На этот раз Сима справился с экзаменом блестяще и заработал балл за досрочную сдачу карточки, но во имя высшей справедливости директор института Дмитрий Иванович Баженов собственноручно снял этот балл за введение автомата в заблуждение, так что кроме славы находчивого шутника Смолкин не приобрел ничего существенного и, добавив в общую копилку экипажа свои тринадцать баллов, сильно подорвал надежду на успех. Друзья погоревали, но пришли к чисто философскому убеждению: нет худа без добра. Находясь в числе лидеров, они оказались бы под пристальным наблюдением соперничающих экипажей, да и комиссии тоже, а излишнее внимание всегда нервирует.
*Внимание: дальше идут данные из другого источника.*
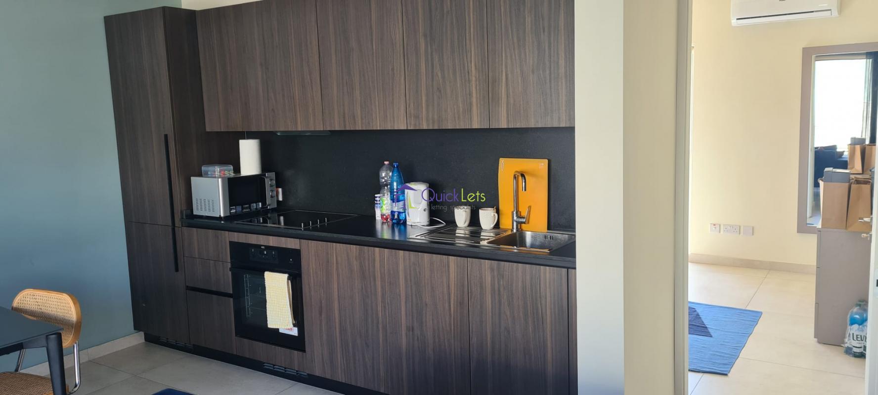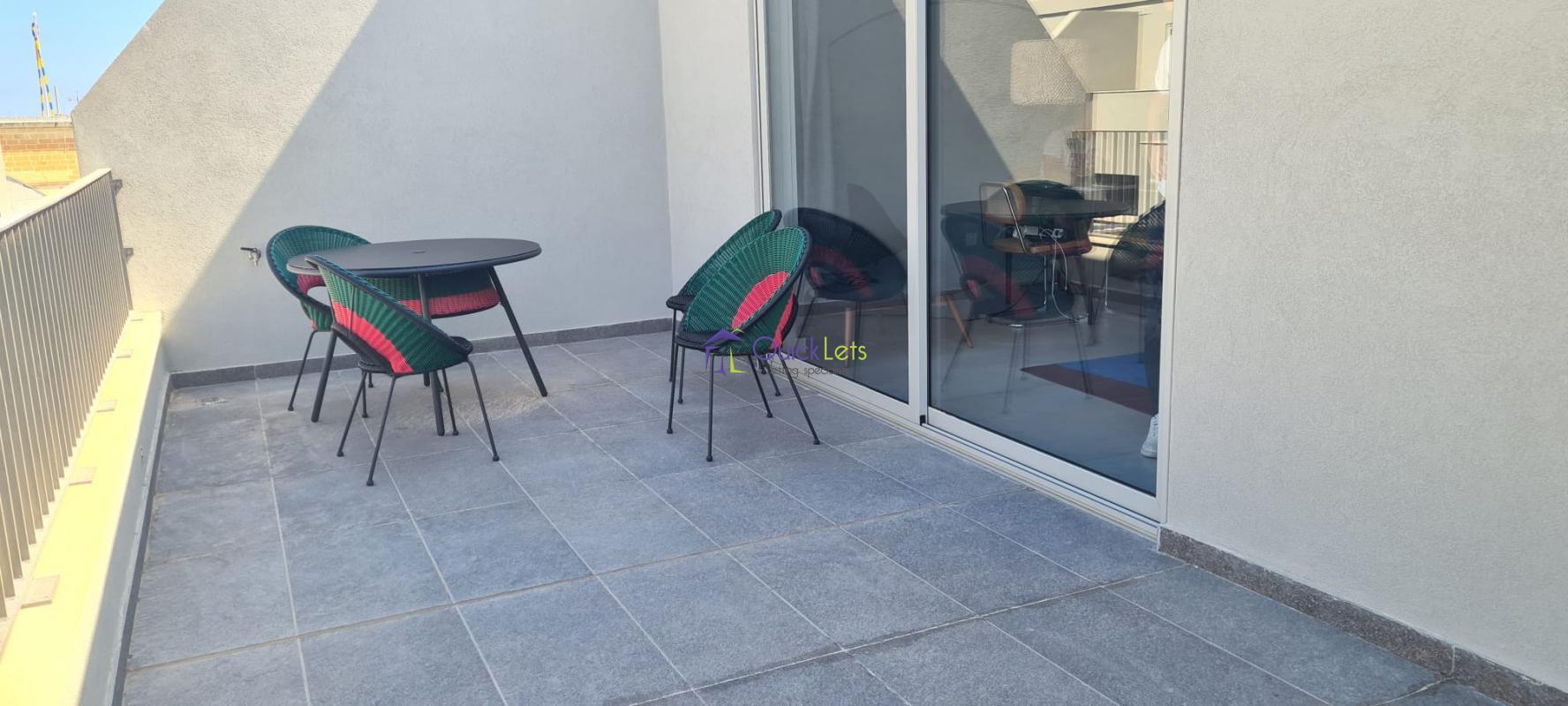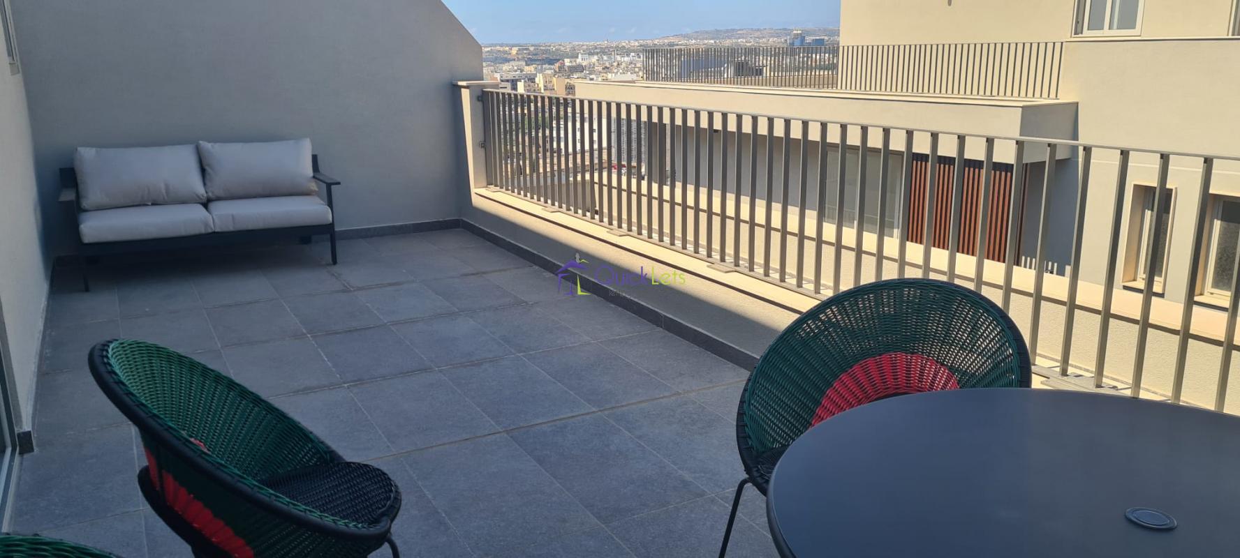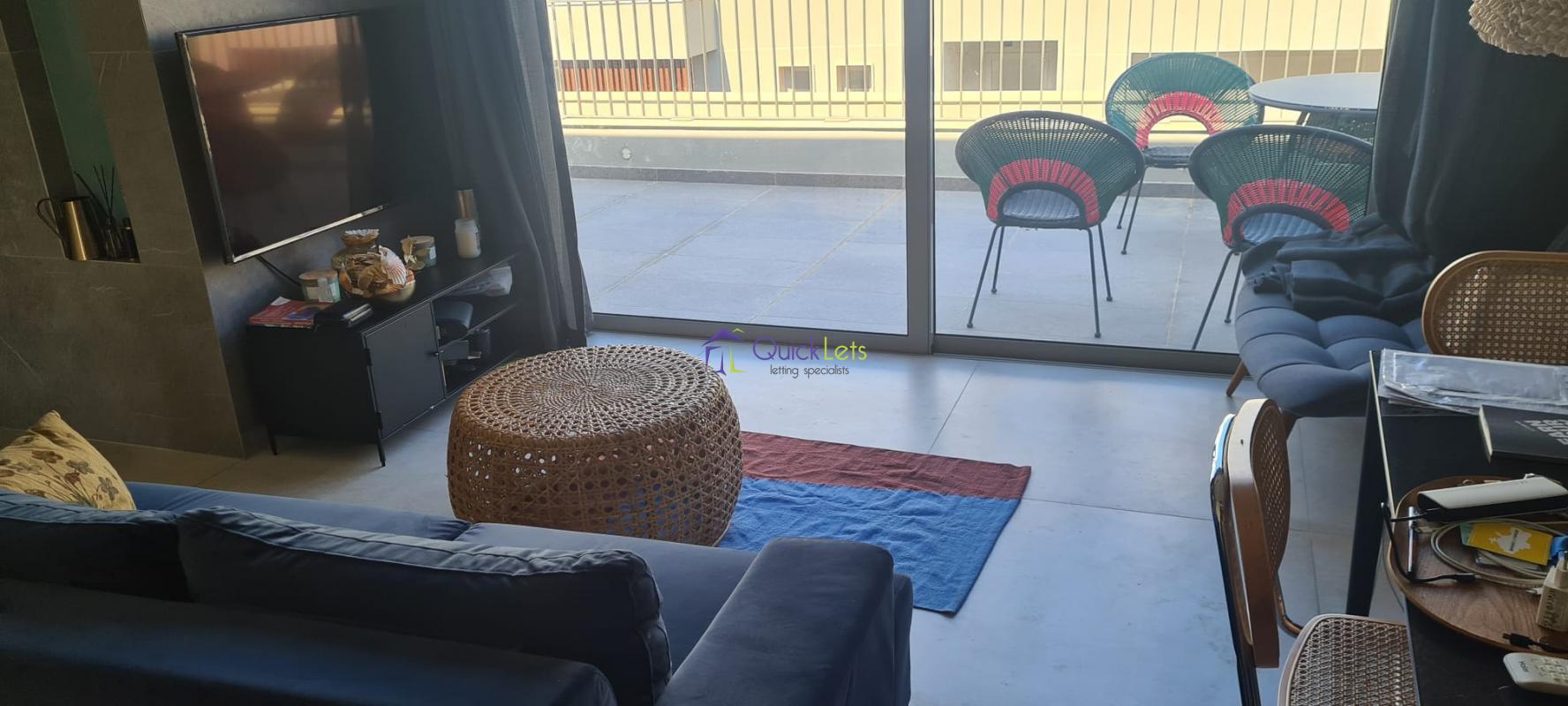 SAN GWANN -The very bright and brand new penthouse consists of an open plan with a kitchen fully equipped, a living room, table, and sofa with LCD TV, the living room leads the big terrace enjoying a beautiful town view and a distant sea view, guest bathroom with the shower and one double bedroom with balcony and AC. The property is highly finished and designed, close to the Church and Lidl of San Gwann and to all amenities daily.

Чтобы загладить свою вину, Сима не вылезал из тренажера. Бег с препятствиями, как он в шутку называл гонку на лунных вездеходах, представлял для него и спортивный интерес. Сидя перед пультом и глядя на набегающий пейзаж, он намеренно выбирал наиболее сложные дороги и старался пройти их без аварии с возможно большей скоростью. Иногда ему удавалось преодолеть сто пятьдесят-двести километров, но чаще крупная глыба, неожиданно вставшая на пути, или крутой склон воронки приводили к опрокидыванию. Тогда Сима негромко обзывал себя всякими обидными словами и снова начинал бешеную гонку…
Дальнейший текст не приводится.